After reading Judge Mark Filip's opinion denying the National Ass'n of Realtors' (NAR's) motion for summary disposition in the U.S. Department of Justice's (DOJ's) antitrust case against NAR, I am left to wonder, is the Court's recent ruling only the tip of the iceberg when it comes to NAR's current antitrust problems?

I found the government's allegations of anticompetitive behavior to be quite interesting. The government has cited as evidence in its case a Cendant white paper asserting that it was "not feasible" for traditional brokerages to compete with large internet companies that operated or affiliated with brokers operating VOWs (Virtual Office Websites). The DOJ also cited public comments by the chairman of Re/Max expressing concern that VOW brokers would place downward pressure on brokers' commission rates. The U.S. further alleged that the head of NAR's working group on the VOW regulations argued that the new rules were needed because VOW brokers were "scooping up market share just below the radar."

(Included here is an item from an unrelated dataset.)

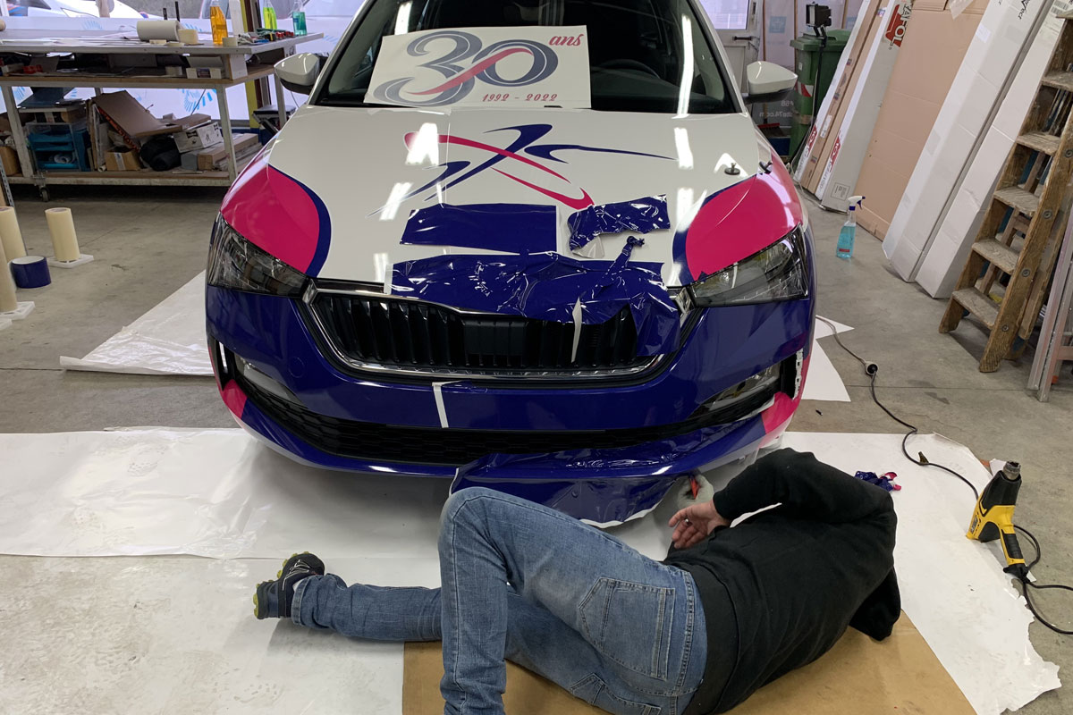 Solution : OAK-Webdesign a réalisé la conception graphique et a confié la réalisation technique à notre partenaire Accès Publicité. L’ensemble des éléments sont découpés dans de l’adhésif teinté masse et appliqués selon la technique du wrapping ce qui permet de se substituer complètement à la couleur d’origine de la carrosserie.

The opt-out provisions contained in both NAR's initial VOW Policy and modified ILD (Internet Listing Display) Policy, along with an anti-referral provision, form the crux of the government's case. The initial VOW Policy contained opt-out provisions forbidding any broker in the MLS from sharing a listing with their customers over the internet without the permission of the listing broker. The Court noted that listing brokers were given the opportunity to choose from either a blanket opt-out (directing that their clients' listings not be displayed on any VOW), or a selective opt-out (directing that their clients' listings not be displayed on a particular targeted competing broker's or brokers' VOW(s)).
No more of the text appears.